We report mean flow and turbulence characteristics of a buoyant jet evolving in a linearly stratified ambient with stratification strength N=0.4 s−1. The velocity and density fields are captured experimentally using simultaneous particle image velocimetry and planar laser-induced fluorescence technique. We report our findings by strategically choosing four axial locations such that it covers different flow regimes; namely, momentum-dominated region, buoyancy-dominated region, neutral buoyant layer, and plume cap region. The results at these axial locations are presented as a function of the radial co-ordinate to provide a whole field picture of the flow dynamics.
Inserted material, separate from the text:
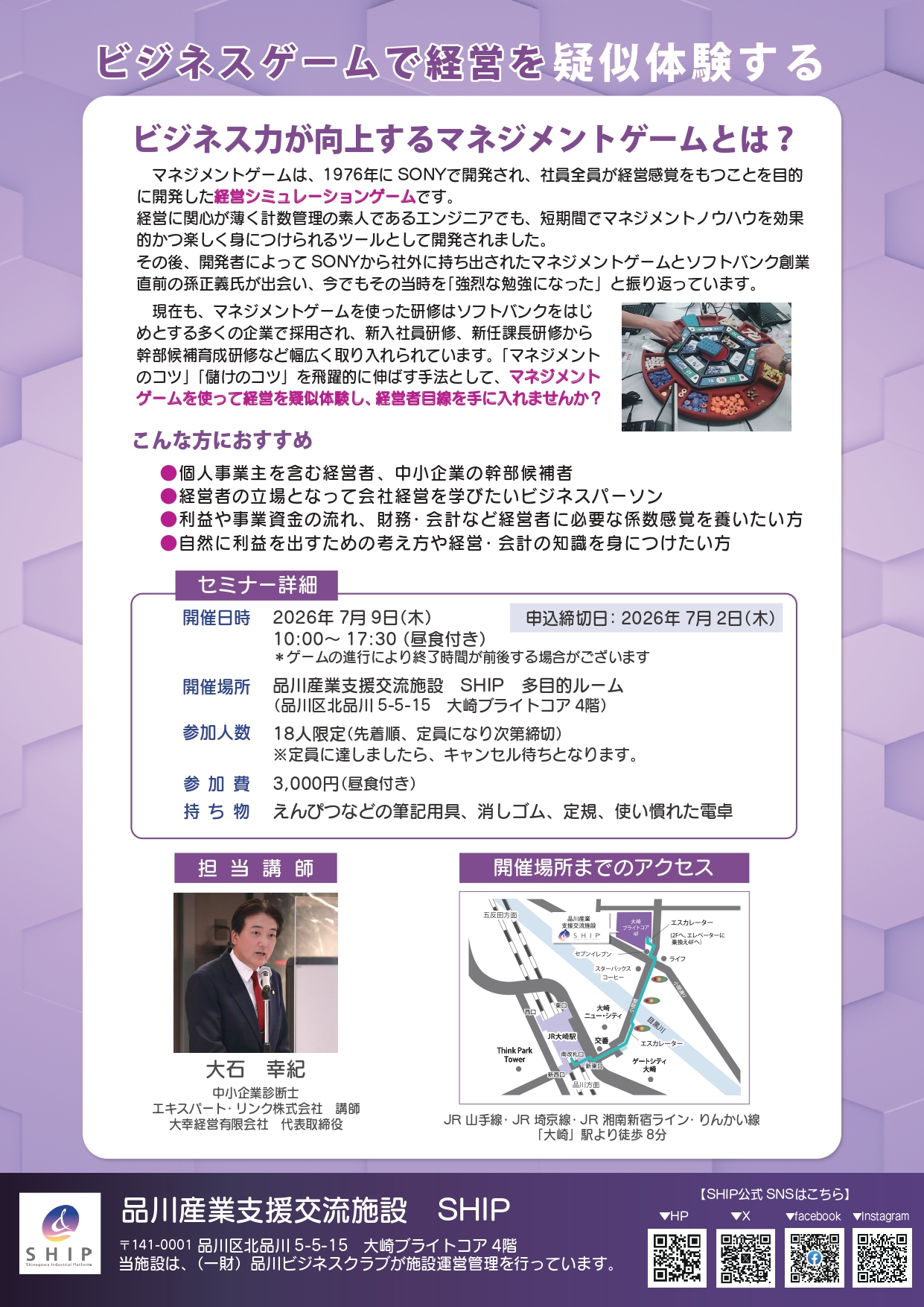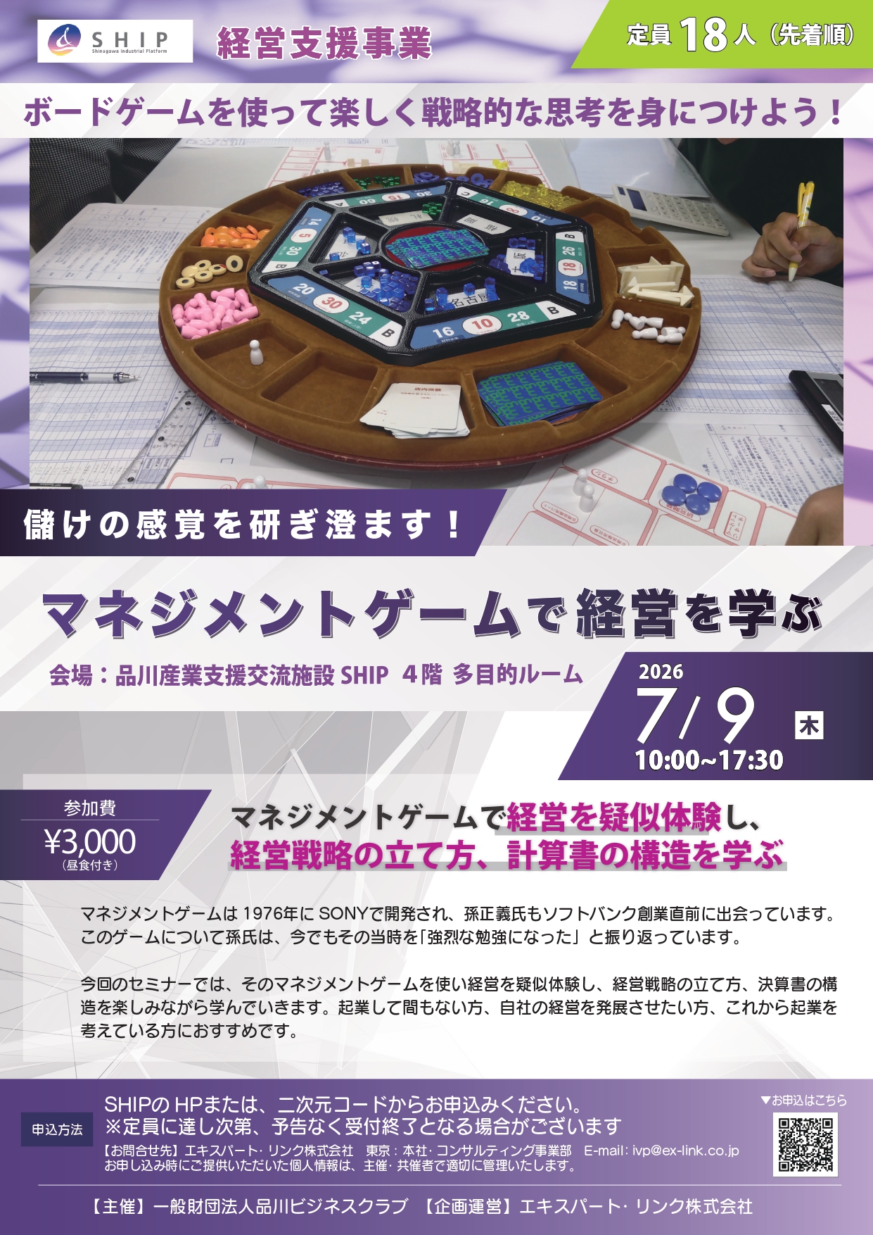 本イベントは、マネジメントゲームを使って経営を疑似体験し、経営戦略の立て方、決算書の構造を学び、マネジメントのノウハウを身につけていくイベントとなります。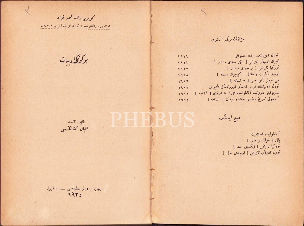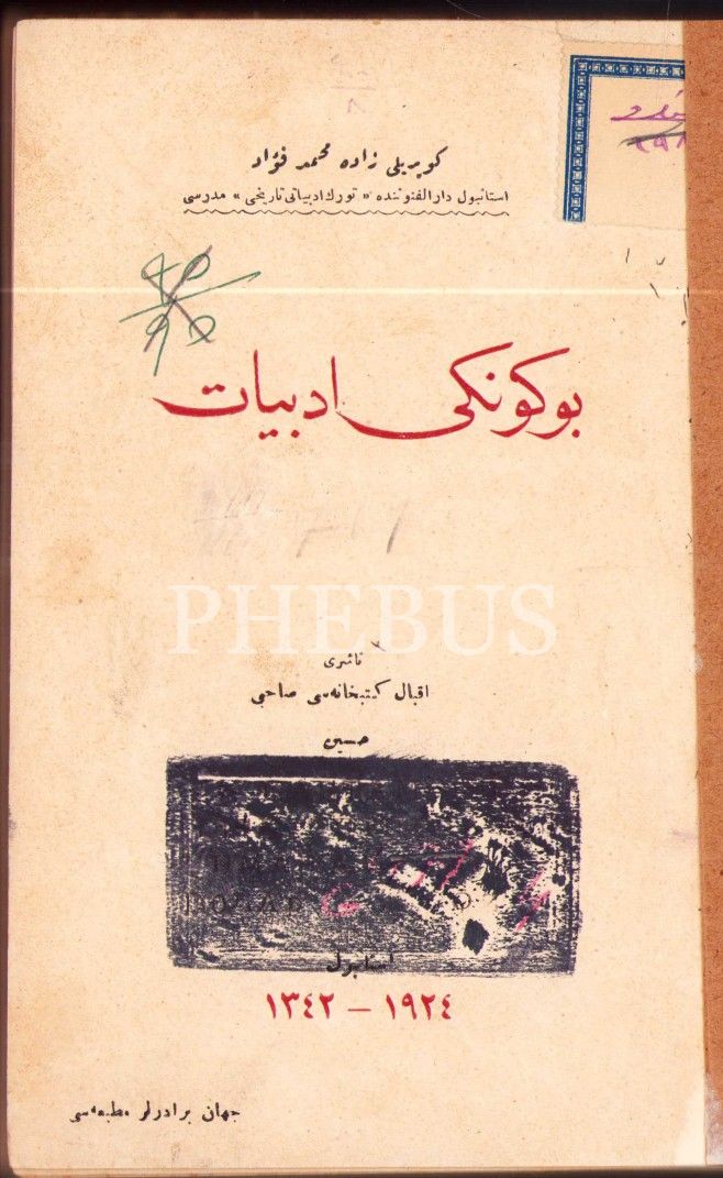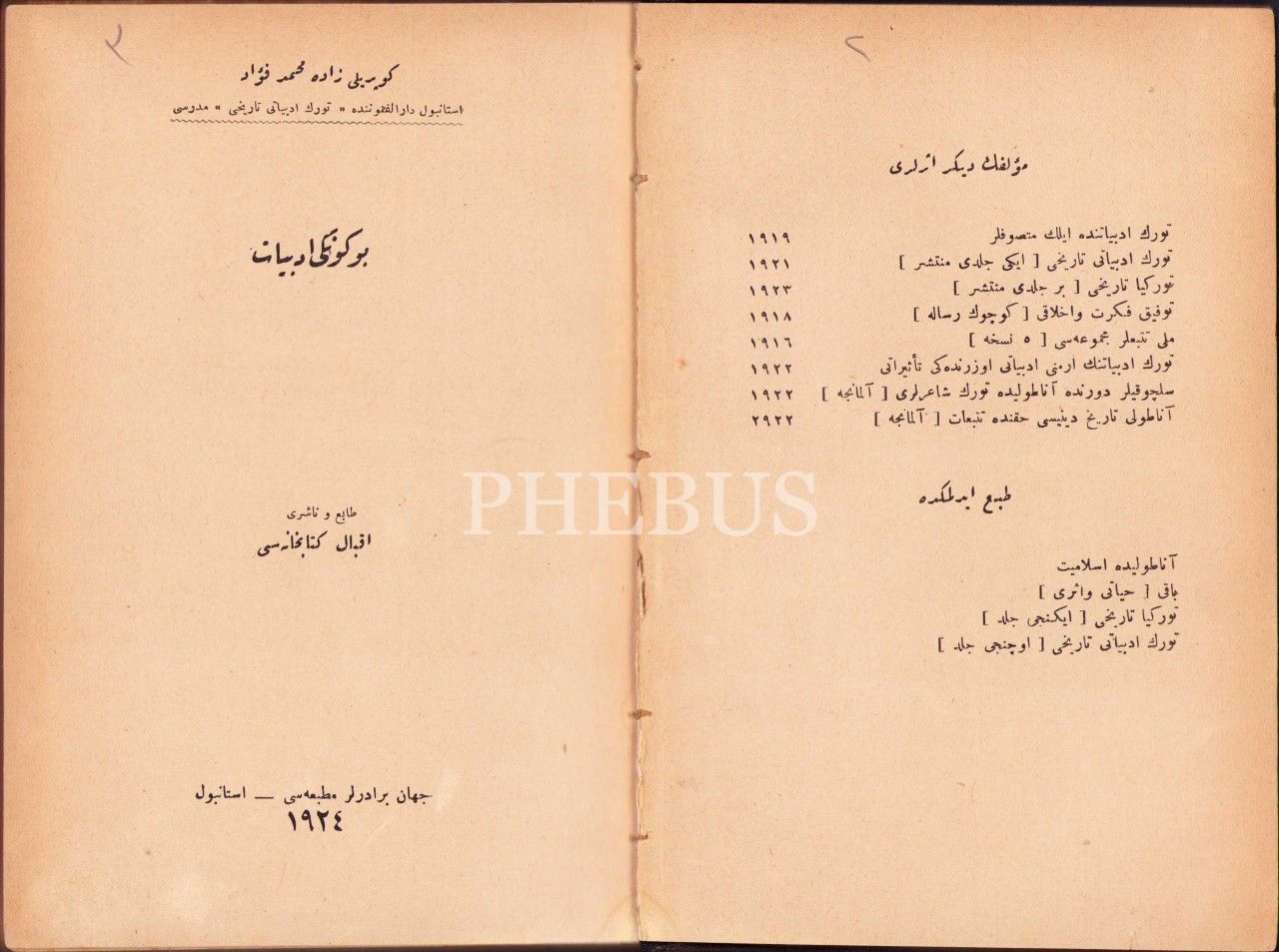 Osmanlıca Bugünkü Edebiyyât, Köprülüzade Mehmed Fuad, Cihan Biraderler Matbaası, İstanbul 1924, 329 s., 13x19 cm, cildi yorgun haliyle

From the mean axial velocity and density fields, it is seen that the velocity and the scalar (density) widths are of the same magnitude in the momentum-dominated region but show significant difference in the buoyancy-dominated region and beyond. It is also seen that the axial velocity for the buoyant jet is consistently higher than pure jet at different axial locations due to buoyancy-aided momentum. With the help of turbulent kinetic energy (TKE) budget analysis, it is seen that the shear production (P) and TKE dissipation (ϵ) for a buoyant jet are higher compared to the case of pure jet at different axial locations, cementing the role of buoyancy and stratification on the flow dynamics. Further, it is observed that the buoyancy flux (B) aids and destroys TKE intermittently in the radial direction, and it is at least O(102) smaller than P, ϵ, and the mean flow buoyancy flux (F). Finally, the relative strength of the turbulent transport of momentum to that of scalar in the radial direction is quantified using the turbulent Prandtl number, Prt. It is seen that Prt ≈1 upto the neutral buoyant layer and ≈ 0.6 in the plume cap region. The current set of results obtained from experiments are first of its kind and elucidates various aspects of the flow which hitherto remained unknown and will also prove to be useful in testing numerical simulations for buoyancy-driven flows.